Enlarge / Artist’s impression of professional archaeologist doing science.

Today we present the third and final installment of my interview with Sarah Parcak, a prominent founding figure in the emerging field of astroarchaeology. Please check out parts one and two if you missed them. Otherwise, press play on the embedded player or pull up the transcript—both of which are below.

We open today’s installment talking about the presentation Sarah made while accepting the TED prize—which came with a million-dollar check to advance her work. Sarah presented in full Indiana Jones regalia, and Harrison Ford turned out to be in the audience, and a rather fun story emerges from that. On a (slightly) related note, Sarah and I also discuss an amazing VR rig the people from The VOID set up at TED that year (fittingly, with a Temple of Doom theme).

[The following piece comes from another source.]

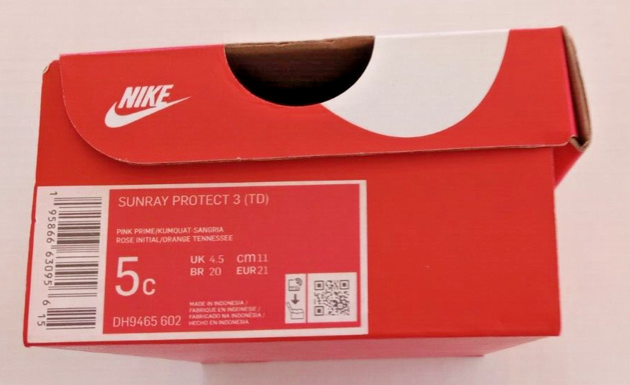 Size 5c Nike Sunray Protect 3 Sandals/Kids Pink Prime Sangria Shoes New In Box

Most of today’s installment concerns a crowd-enabled detection project Sarah created with proceeds from the TED Prize. It’s called GlobalXplorer. Partly inspired by Galaxy Zoo, it let armies of “citizen scientists” scan twelve million quadrants of Peruvian satellite imagery for hints of archaeological remains. Tens of thousands of promising features were discovered. This will help the Peruvian archaeology community set its agenda over the coming decade. Sarah’s longer-term goal is to rally enough volunteers to scan the entire globe over the coming decade.